Monday, March 4, 2013

Long Shots

When Brits want to say “not by a long shot,” they say “not by a long chalk” instead.  Why the difference?

The American expression, meaning “not likely” or “not even close,” is fairly straightforward in its etymology. The phrase “long shot,” has been in use since the late eighteenth century and refers to the difficulty of hitting a target with a gun fired from a great distance. By the 1880s the term was commonly applied to horses with little chance of winning a race. But it’s not until 1867 that we find the figurative use of “not by a long shot,” meaning extremely unlikely.

What about “long chalk”? That was first used in 1824 and derives from the custom in British pubs of keeping the score of a darts game by scrawling it with chalk on the wall or other convenient surface. A “chalk” was a mark indicating a single point or score, so if you were losing a game by a large margin, you would be losing by a “long chalk,” i.e. a big score.  The phrase “not by a long chalk” probably originated from a losing player’s indicating he was not to be put out of the game, not even by a “long chalk.” Like long shot, long chalk has come to have the sense of “insuperable odds.”

Someone should tell the Bard of Buffalo Bayou that the odds are worse than insuperable against his writing anything intelligent, or even intelligible.

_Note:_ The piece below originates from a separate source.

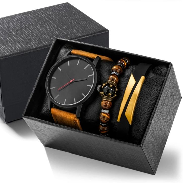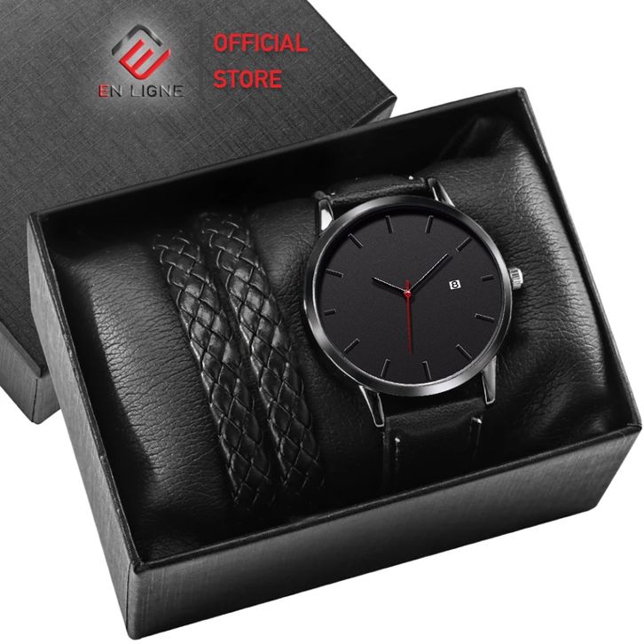 PROMO En Ligne - Jam Tangan Pria Kasual Kulit Tanggal Pria Paket Gelang dan Box - Jam Tangan Kado - Jam Tangan

You’ll have to be the one to tell him, though; I’m afraid to go near him—as you’ll understand when you read his most recent eructation:

            Cheeky chicks in Chickamauga 
            Chucked a chunk of chalk, 
            Creaky cranks in Chattanooga 
            Cooked a cask of caulk, 
            Crooked crickets crunching crackers 
            Croaked and cracked a crock, 
            Cackling cuckoos, all in chokers, 
            Clicked a clacking clock.